[Work task]: Nothing but an exact repeat of the data, with pictures removed, belongs in the answer.

Dataset items
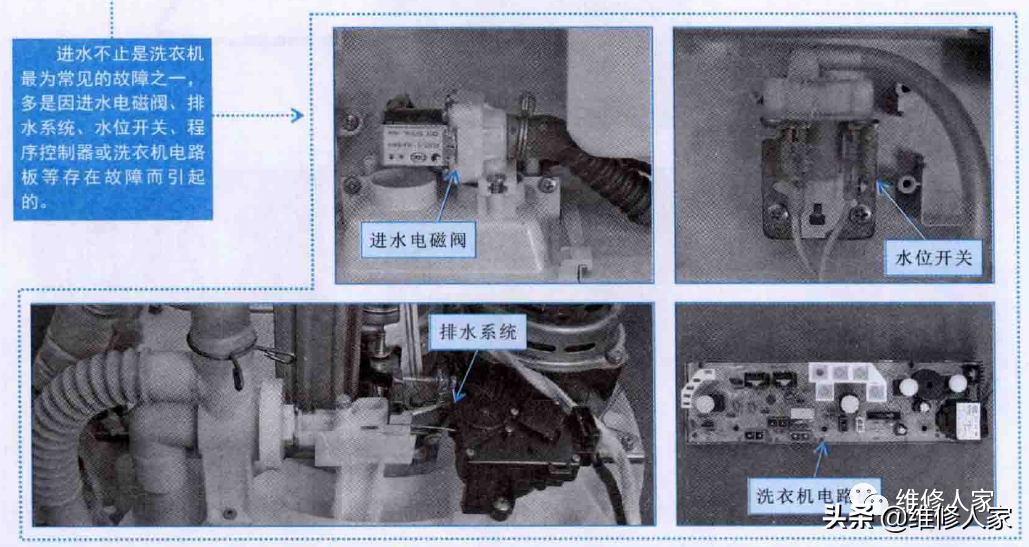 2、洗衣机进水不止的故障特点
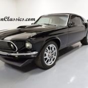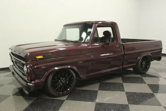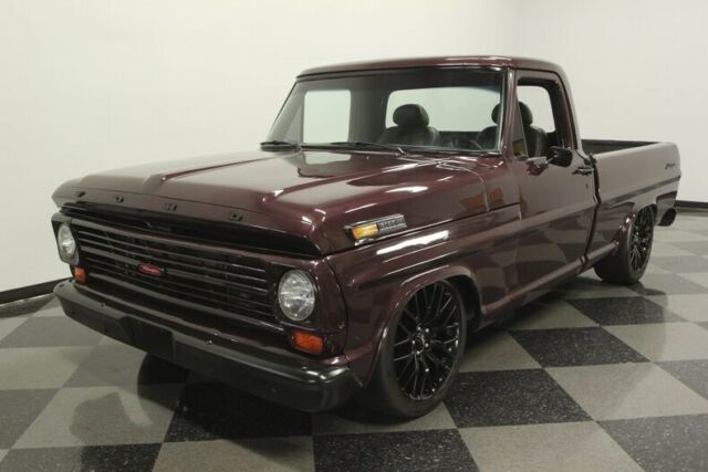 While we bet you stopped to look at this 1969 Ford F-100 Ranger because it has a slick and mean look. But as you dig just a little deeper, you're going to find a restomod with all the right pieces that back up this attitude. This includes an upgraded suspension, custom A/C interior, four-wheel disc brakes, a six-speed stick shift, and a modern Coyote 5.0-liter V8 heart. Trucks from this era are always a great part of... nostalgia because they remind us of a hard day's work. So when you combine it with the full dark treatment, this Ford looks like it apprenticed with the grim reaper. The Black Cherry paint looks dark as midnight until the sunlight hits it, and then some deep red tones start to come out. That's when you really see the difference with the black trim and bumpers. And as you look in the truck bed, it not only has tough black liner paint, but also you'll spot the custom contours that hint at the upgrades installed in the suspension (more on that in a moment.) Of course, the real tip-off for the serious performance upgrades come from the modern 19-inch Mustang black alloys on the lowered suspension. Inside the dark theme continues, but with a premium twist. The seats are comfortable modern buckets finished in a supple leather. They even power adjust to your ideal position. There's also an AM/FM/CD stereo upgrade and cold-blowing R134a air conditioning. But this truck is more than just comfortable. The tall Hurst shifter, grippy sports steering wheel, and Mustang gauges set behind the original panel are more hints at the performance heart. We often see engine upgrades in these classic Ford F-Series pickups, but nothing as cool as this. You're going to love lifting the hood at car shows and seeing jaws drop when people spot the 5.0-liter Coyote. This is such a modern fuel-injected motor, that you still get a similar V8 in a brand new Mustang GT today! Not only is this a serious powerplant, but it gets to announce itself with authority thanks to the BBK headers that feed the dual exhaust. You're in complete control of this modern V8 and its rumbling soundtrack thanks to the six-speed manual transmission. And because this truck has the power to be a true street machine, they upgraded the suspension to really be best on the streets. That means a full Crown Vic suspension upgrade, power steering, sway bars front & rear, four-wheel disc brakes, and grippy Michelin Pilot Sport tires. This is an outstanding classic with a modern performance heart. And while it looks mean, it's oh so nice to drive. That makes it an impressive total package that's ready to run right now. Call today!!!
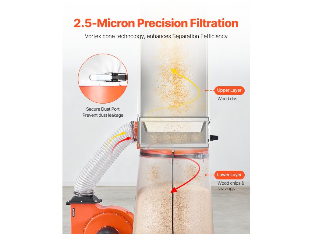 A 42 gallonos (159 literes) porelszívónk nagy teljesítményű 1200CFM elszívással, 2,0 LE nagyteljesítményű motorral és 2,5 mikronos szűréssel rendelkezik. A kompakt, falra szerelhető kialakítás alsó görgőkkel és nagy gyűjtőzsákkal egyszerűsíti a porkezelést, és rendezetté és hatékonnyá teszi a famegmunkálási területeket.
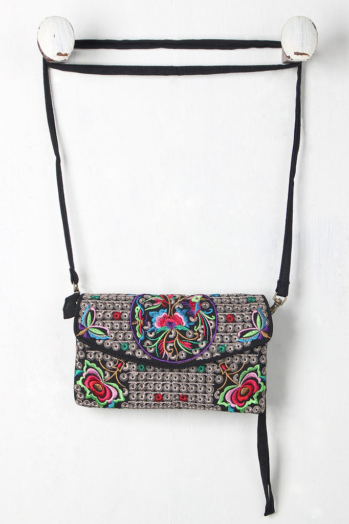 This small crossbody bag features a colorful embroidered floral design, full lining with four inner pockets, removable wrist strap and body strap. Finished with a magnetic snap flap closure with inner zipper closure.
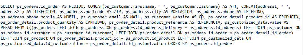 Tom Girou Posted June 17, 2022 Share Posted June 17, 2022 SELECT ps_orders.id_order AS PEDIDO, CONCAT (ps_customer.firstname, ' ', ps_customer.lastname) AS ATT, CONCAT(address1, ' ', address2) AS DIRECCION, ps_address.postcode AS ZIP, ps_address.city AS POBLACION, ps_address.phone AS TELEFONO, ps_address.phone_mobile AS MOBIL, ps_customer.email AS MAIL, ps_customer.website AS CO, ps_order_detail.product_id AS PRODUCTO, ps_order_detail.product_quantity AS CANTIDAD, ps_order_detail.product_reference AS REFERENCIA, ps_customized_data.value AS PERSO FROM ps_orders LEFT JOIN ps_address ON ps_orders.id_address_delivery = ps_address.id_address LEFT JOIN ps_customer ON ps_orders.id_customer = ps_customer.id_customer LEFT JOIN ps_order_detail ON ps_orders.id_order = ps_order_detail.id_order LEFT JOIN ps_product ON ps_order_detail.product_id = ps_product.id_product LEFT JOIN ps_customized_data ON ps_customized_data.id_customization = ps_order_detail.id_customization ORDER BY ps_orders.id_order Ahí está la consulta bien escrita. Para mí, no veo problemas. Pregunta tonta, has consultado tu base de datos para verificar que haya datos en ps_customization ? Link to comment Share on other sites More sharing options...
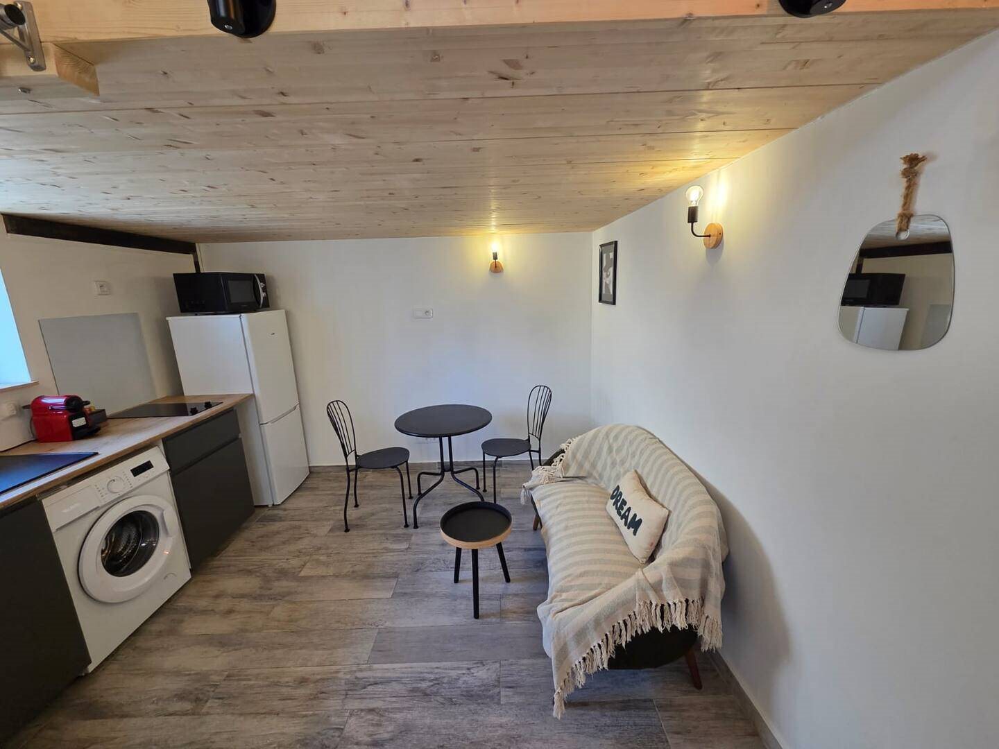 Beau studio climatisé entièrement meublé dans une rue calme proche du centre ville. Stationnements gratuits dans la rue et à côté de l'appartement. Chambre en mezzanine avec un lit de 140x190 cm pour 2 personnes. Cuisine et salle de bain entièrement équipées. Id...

[Output of the task]:
 2、洗衣机进水不止的故障特点
 While we bet you stopped to look at this 1969 Ford F-100 Ranger because it has a slick and mean look. But as you dig just a little deeper, you're going to find a restomod with all the right pieces that back up this attitude. This includes an upgraded suspension, custom A/C interior, four-wheel disc brakes, a six-speed stick shift, and a modern Coyote 5.0-liter V8 heart. Trucks from this era are always a great part of... nostalgia because they remind us of a hard day's work. So when you combine it with the full dark treatment, this Ford looks like it apprenticed with the grim reaper. The Black Cherry paint looks dark as midnight until the sunlight hits it, and then some deep red tones start to come out. That's when you really see the difference with the black trim and bumpers. And as you look in the truck bed, it not only has tough black liner paint, but also you'll spot the custom contours that hint at the upgrades installed in the suspension (more on that in a moment.) Of course, the real tip-off for the serious performance upgrades come from the modern 19-inch Mustang black alloys on the lowered suspension. Inside the dark theme continues, but with a premium twist. The seats are comfortable modern buckets finished in a supple leather. They even power adjust to your ideal position. There's also an AM/FM/CD stereo upgrade and cold-blowing R134a air conditioning. But this truck is more than just comfortable. The tall Hurst shifter, grippy sports steering wheel, and Mustang gauges set behind the original panel are more hints at the performance heart. We often see engine upgrades in these classic Ford F-Series pickups, but nothing as cool as this. You're going to love lifting the hood at car shows and seeing jaws drop when people spot the 5.0-liter Coyote. This is such a modern fuel-injected motor, that you still get a similar V8 in a brand new Mustang GT today! Not only is this a serious powerplant, but it gets to announce itself with authority thanks to the BBK headers that feed the dual exhaust. You're in complete control of this modern V8 and its rumbling soundtrack thanks to the six-speed manual transmission. And because this truck has the power to be a true street machine, they upgraded the suspension to really be best on the streets. That means a full Crown Vic suspension upgrade, power steering, sway bars front & rear, four-wheel disc brakes, and grippy Michelin Pilot Sport tires. This is an outstanding classic with a modern performance heart. And while it looks mean, it's oh so nice to drive. That makes it an impressive total package that's ready to run right now. Call today!!!
 A 42 gallonos (159 literes) porelszívónk nagy teljesítményű 1200CFM elszívással, 2,0 LE nagyteljesítményű motorral és 2,5 mikronos szűréssel rendelkezik. A kompakt, falra szerelhető kialakítás alsó görgőkkel és nagy gyűjtőzsákkal egyszerűsíti a porkezelést, és rendezetté és hatékonnyá teszi a famegmunkálási területeket.
 This small crossbody bag features a colorful embroidered floral design, full lining with four inner pockets, removable wrist strap and body strap. Finished with a magnetic snap flap closure with inner zipper closure.
 Tom Girou Posted June 17, 2022 Share Posted June 17, 2022 SELECT ps_orders.id_order AS PEDIDO, CONCAT (ps_customer.firstname, ' ', ps_customer.lastname) AS ATT, CONCAT(address1, ' ', address2) AS DIRECCION, ps_address.postcode AS ZIP, ps_address.city AS POBLACION, ps_address.phone AS TELEFONO, ps_address.phone_mobile AS MOBIL, ps_customer.email AS MAIL, ps_customer.website AS CO, ps_order_detail.product_id AS PRODUCTO, ps_order_detail.product_quantity AS CANTIDAD, ps_order_detail.product_reference AS REFERENCIA, ps_customized_data.value AS PERSO FROM ps_orders LEFT JOIN ps_address ON ps_orders.id_address_delivery = ps_address.id_address LEFT JOIN ps_customer ON ps_orders.id_customer = ps_customer.id_customer LEFT JOIN ps_order_detail ON ps_orders.id_order = ps_order_detail.id_order LEFT JOIN ps_product ON ps_order_detail.product_id = ps_product.id_product LEFT JOIN ps_customized_data ON ps_customized_data.id_customization = ps_order_detail.id_customization ORDER BY ps_orders.id_order Ahí está la consulta bien escrita. Para mí, no veo problemas. Pregunta tonta, has consultado tu base de datos para verificar que haya datos en ps_customization ? Link to comment Share on other sites More sharing options...
 Beau studio climatisé entièrement meublé dans une rue calme proche du centre ville. Stationnements gratuits dans la rue et à côté de l'appartement. Chambre en mezzanine avec un lit de 140x190 cm pour 2 personnes. Cuisine et salle de bain entièrement équipées. Id...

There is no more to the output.